INSTRUCTIONS TO FOLLOW
Reproduce only this range: the line holding "Lovely round metal" through the last line of the data below, both included, exactly, with no pictures.

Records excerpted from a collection
------------------------------

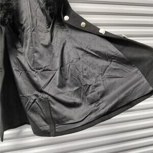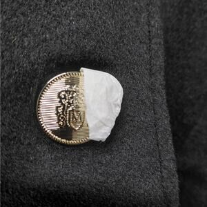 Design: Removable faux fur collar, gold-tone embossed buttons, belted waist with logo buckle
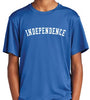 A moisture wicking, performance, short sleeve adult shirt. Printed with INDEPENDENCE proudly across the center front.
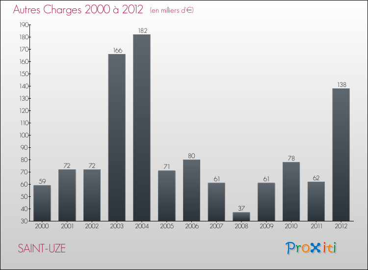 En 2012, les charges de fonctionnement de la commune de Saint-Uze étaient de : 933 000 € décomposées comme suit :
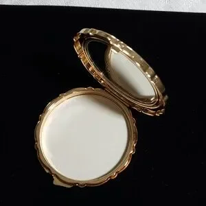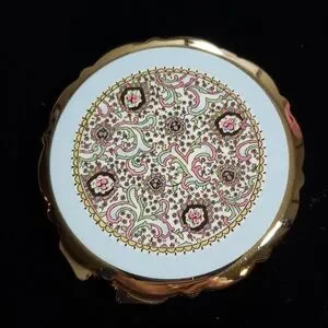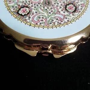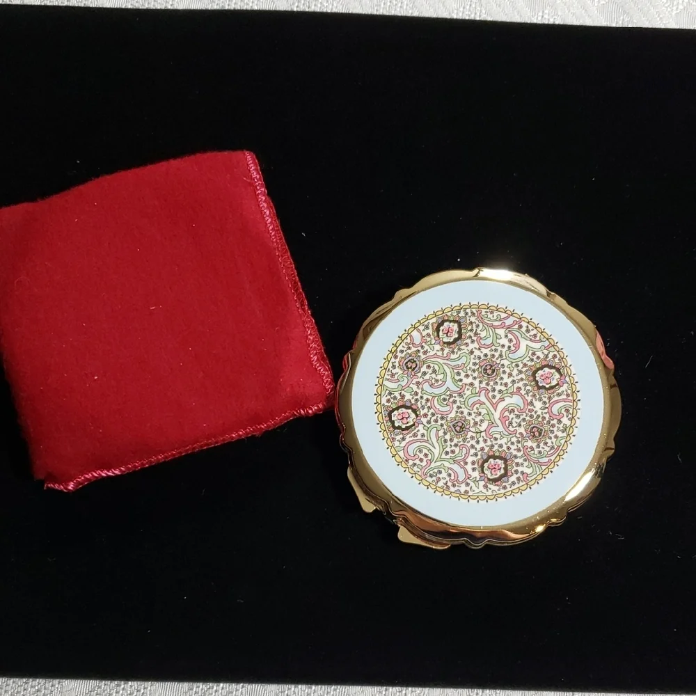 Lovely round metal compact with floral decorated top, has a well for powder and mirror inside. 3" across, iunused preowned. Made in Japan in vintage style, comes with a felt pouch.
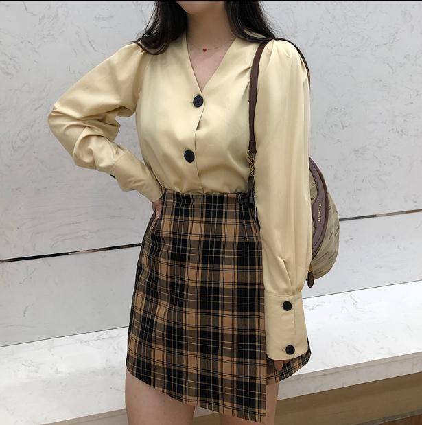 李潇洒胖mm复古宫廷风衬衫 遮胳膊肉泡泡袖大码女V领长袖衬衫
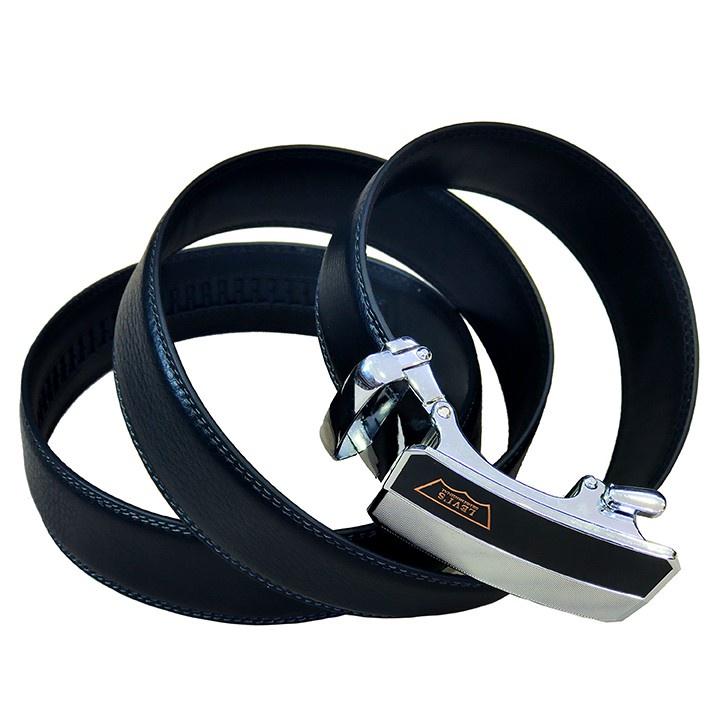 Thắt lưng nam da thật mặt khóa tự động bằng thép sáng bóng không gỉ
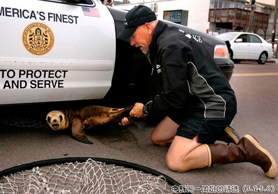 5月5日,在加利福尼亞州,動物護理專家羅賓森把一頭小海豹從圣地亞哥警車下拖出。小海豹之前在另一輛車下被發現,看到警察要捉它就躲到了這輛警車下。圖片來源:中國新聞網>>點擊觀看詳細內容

------------------------------

COMPLETED EXERCISE
 Lovely round metal compact with floral decorated top, has a well for powder and mirror inside. 3" across, iunused preowned. Made in Japan in vintage style, comes with a felt pouch.
 李潇洒胖mm复古宫廷风衬衫 遮胳膊肉泡泡袖大码女V领长袖衬衫
 Thắt lưng nam da thật mặt khóa tự động bằng thép sáng bóng không gỉ
 5月5日,在加利福尼亞州,動物護理專家羅賓森把一頭小海豹從圣地亞哥警車下拖出。小海豹之前在另一輛車下被發現,看到警察要捉它就躲到了這輛警車下。圖片來源:中國新聞網>>點擊觀看詳細內容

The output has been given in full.